I gotta go w/ dogdigger on this one. The comments I read were not that disparaging. This is the internet and if you can't take the kind of banter that I read...whatever.

I actually read your posts, you didn't offend me. All you were really saying was that you either did or did not shoot birds. You didn't give fields away, you didn't give any helpful instructions on decoy placement or calling technique. Every post was an anectode from that days hunt, which is what alot of people come to these sights for, to live vicariously through the trials and tribulations of others in their endeavours (and absolutely not through their success and failures).

Just seems kinda lame you got your feathers ruffled so easily, especially since you seem like a decent guy (which I am sure you are).

Now if #1 said see ya later, I would help him pack his bags and gas his tonka truck.


----------



## buckseye (Dec 8, 2003)

porkirelli what is going on...I have had similiar feelings before and decided what the hell it's a free country and I'm going to force you all to read my blither untill Chris kicks me off..lol...have a good one PorkChop 8)


----------



## goosehtr4life (Dec 16, 2002)

:beer: Porkchop...I have enjoyed your passion for hunting...last year reading your posts from Alaska wishing you were here..then making it happen...I know it is hard when you are trying to just post some general info and people blast you for it...I know because the same thing happened to me the first time I posted about a hunt on this site..I just don't do it anymore...I thought I was coming to a place we could all share stories and info and found out I was dead wrong...Some people don't like others to have success for some reason..Some people are not happy unless they are putting other people down...

Good luck and have a gread hunting season..


----------



## nodakoutdoors.com (Feb 27, 2002)

Well it looks like from all the positive support everyone has given PC, he'll be coming back.

It'd suck here without him, and if you think otherwise you probably haven't been on the forum long.
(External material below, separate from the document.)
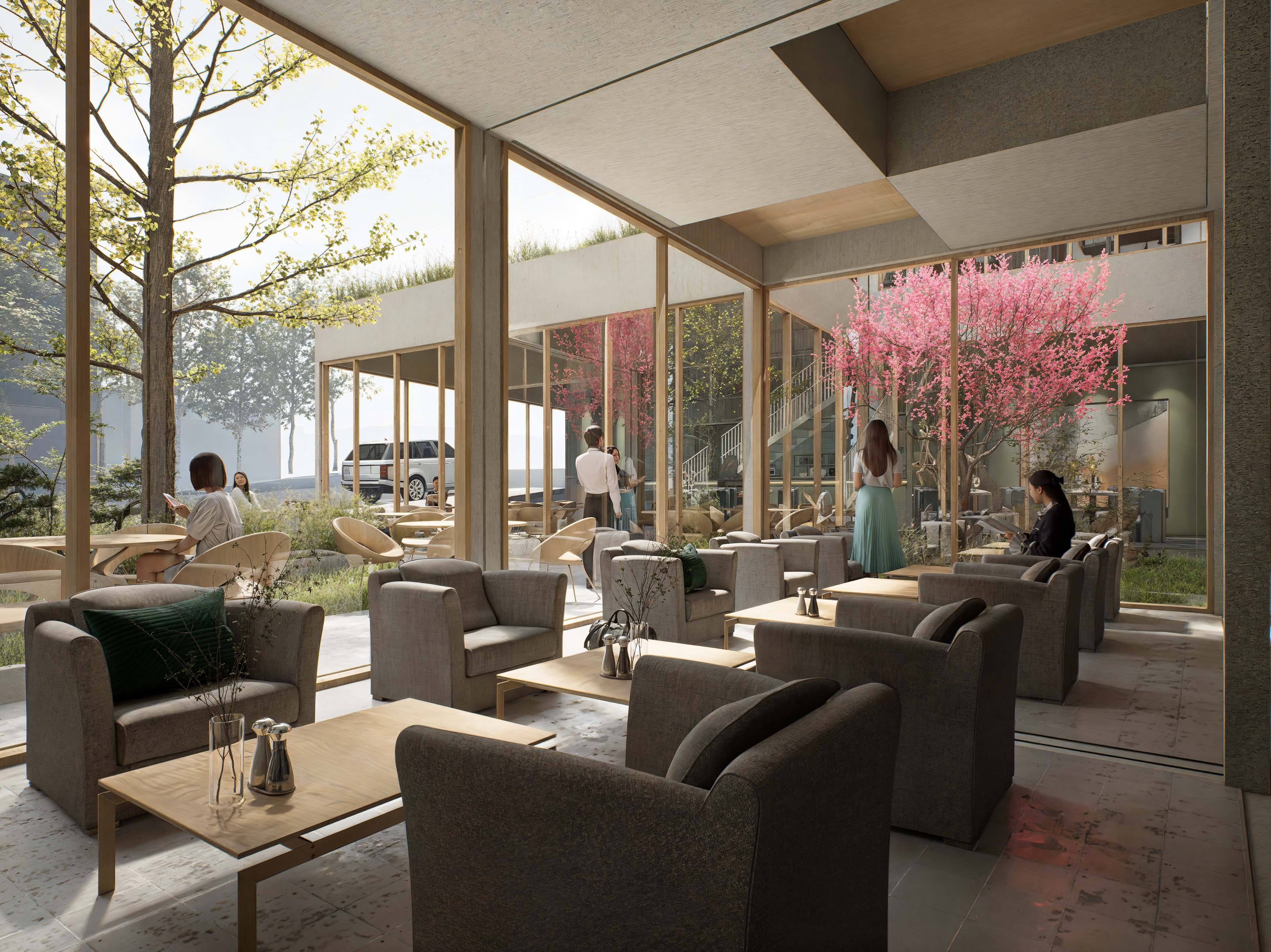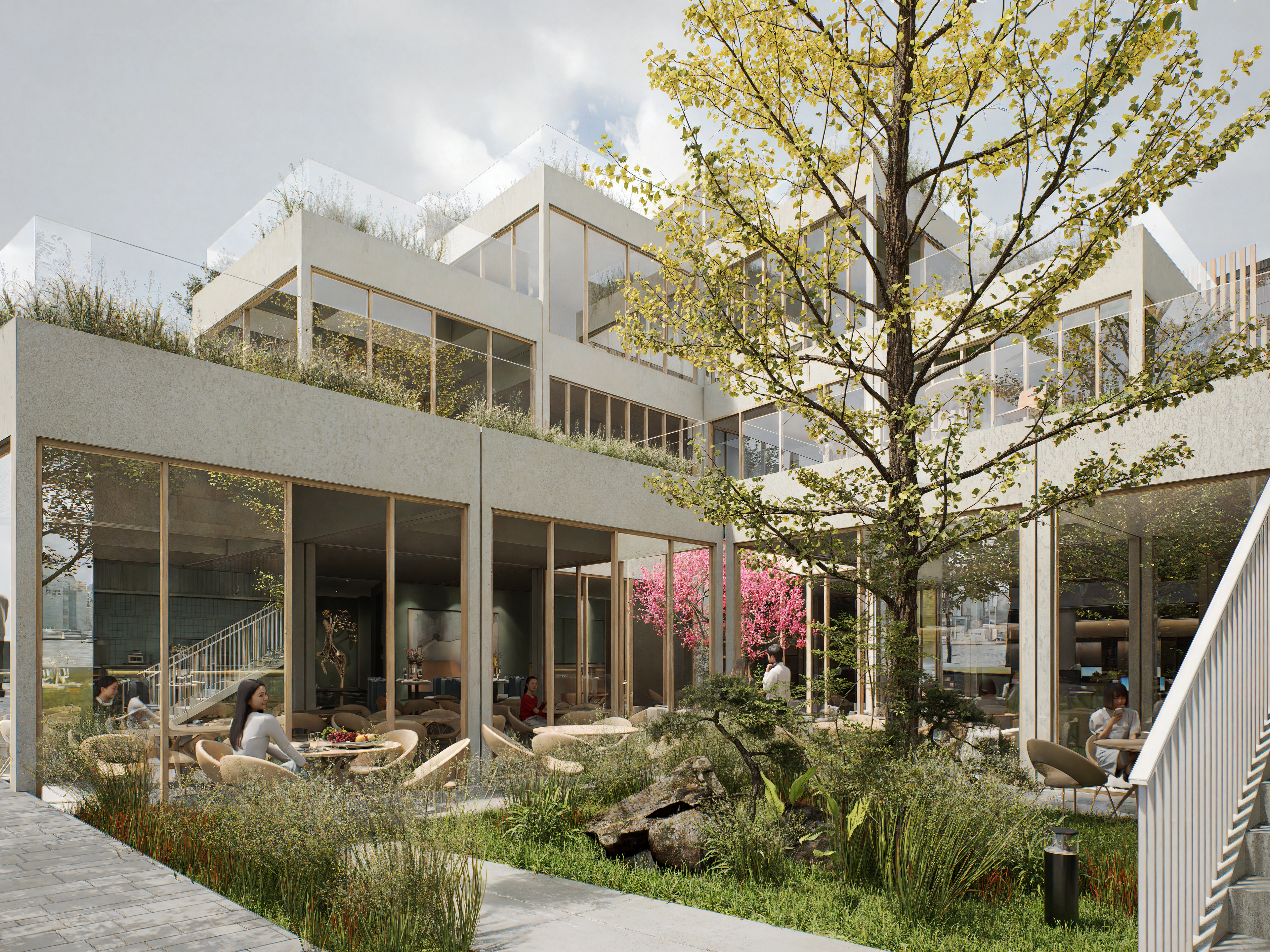 Ce projet intègre plusieurs fonctions interconnectées. Un parking bien conçu au sous-sol facilite l’accès aux résidents et visiteurs. Au rez-de-chaussée, un espace commercial de 330 m² répond aux besoins quotidiens des résidents et attire les visiteurs. Le premier étage propose un bureau en open-space de 270 m², offrant un espace de travail moderne et collaboratif. Aux deuxièmes et troisièmes étages se trouvent des villas de 250 m², offrant un cadre de vie confortable pour les familles, avec une piscine sur le toit au quatrième étage pour les loisirs. Les différents programmes des niveaux sont reliés de manière naturelle par un escalier extérieur et un noyau central, assurant une circulation verticale fluide. Chaque étage est orienté vers des jardins situés au sud-ouest, offrant lumière et verdure, et chaque espace s’articule autour d’un patio central qui crée une ambiance chaleureuse et sereine, tant pour les espaces commerciaux que pour les villas.
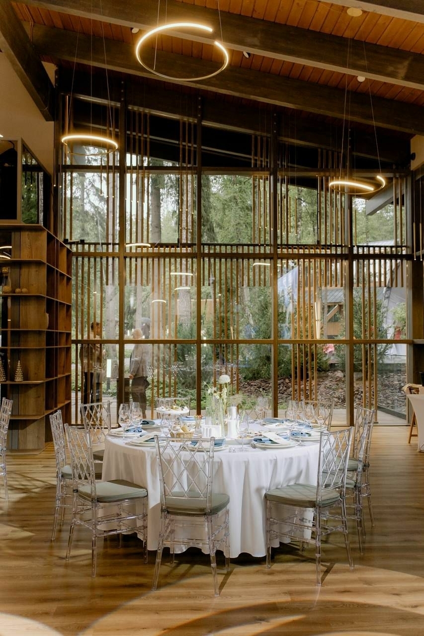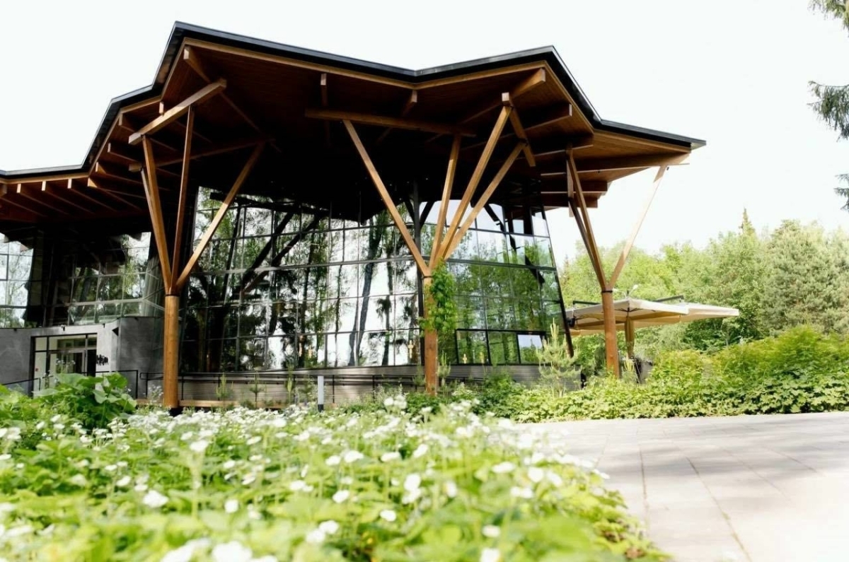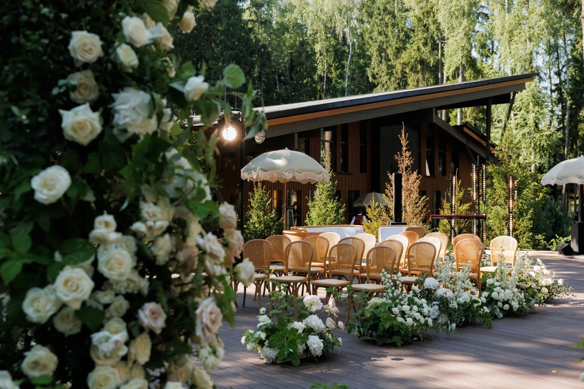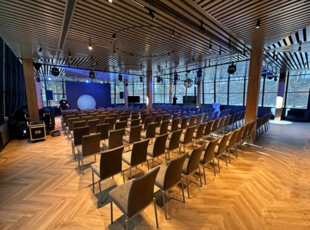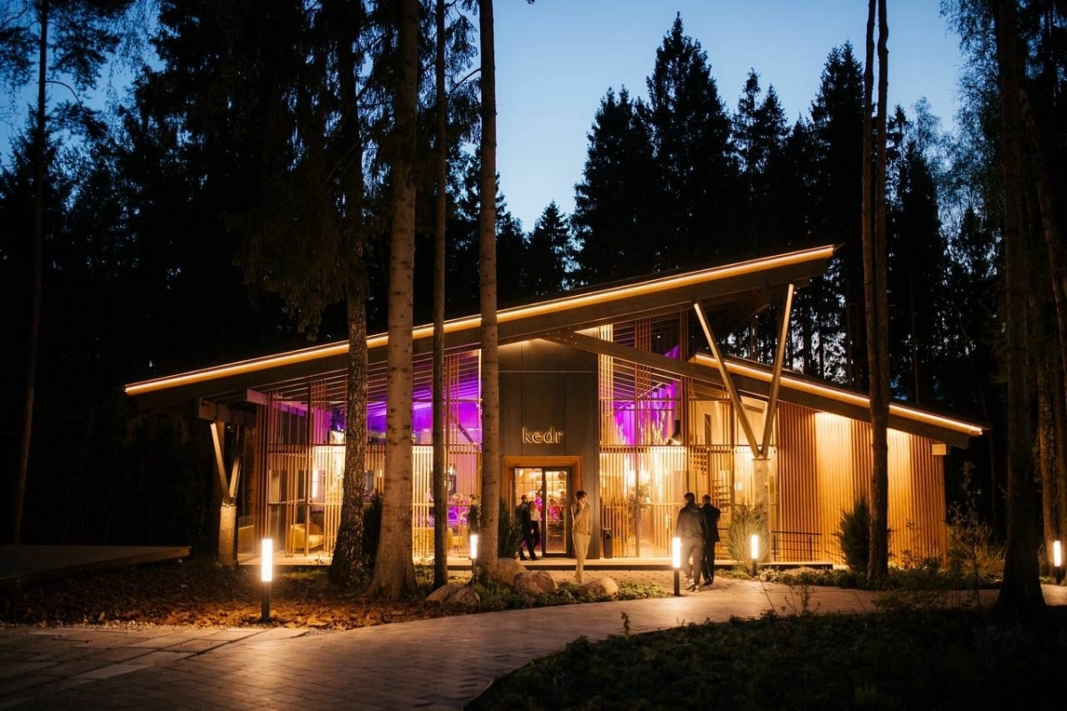 Отдельно стоящее здание с собственной атмосферой и видом на сосновый лес. Просторный зал со сценой, идеальной акустикой и выходом на открытую веранду создает ощущение праздника уже с первых минут. В нем вы сможете провести банкеты до 130 гостей, конференцию до 150 участников, фуршет до 150 гостей. Кухня полного цикла позволяет проводить мероприятия любого формата - от камерного ужина до масштабного банкета. Каждая деталь здесь создана, чтобы вы наслаждались моментом, а организацию мы возьмем на себя.

This is his FIRST FALL EVER in North Dakota, and he's enjoying it and I hope he stays! With so many people leaving the state and so few coming, we need people like him to help support the resident base of the state.


----------



## Maverick (Mar 4, 2002)

I would also like to see PC stay! I would also like to get out in the field witht the guy!! Anyone who comes to this state to fulfill his love for hunting, is soeone who we need in the hunting and fishing world. I repect him as a individual and as a part of our national forces!!!
Keep on, keeping on!!!!!


----------



## mallardhunter (May 15, 2004)

Pork Chop thanks for all the info that you posted on here :beer:


----------



## curty (Sep 18, 2003)

I find it hard to believe that Pork Chop or any one else for that matter can get so much flack for giving a little detail on a hunt, or some advise!!!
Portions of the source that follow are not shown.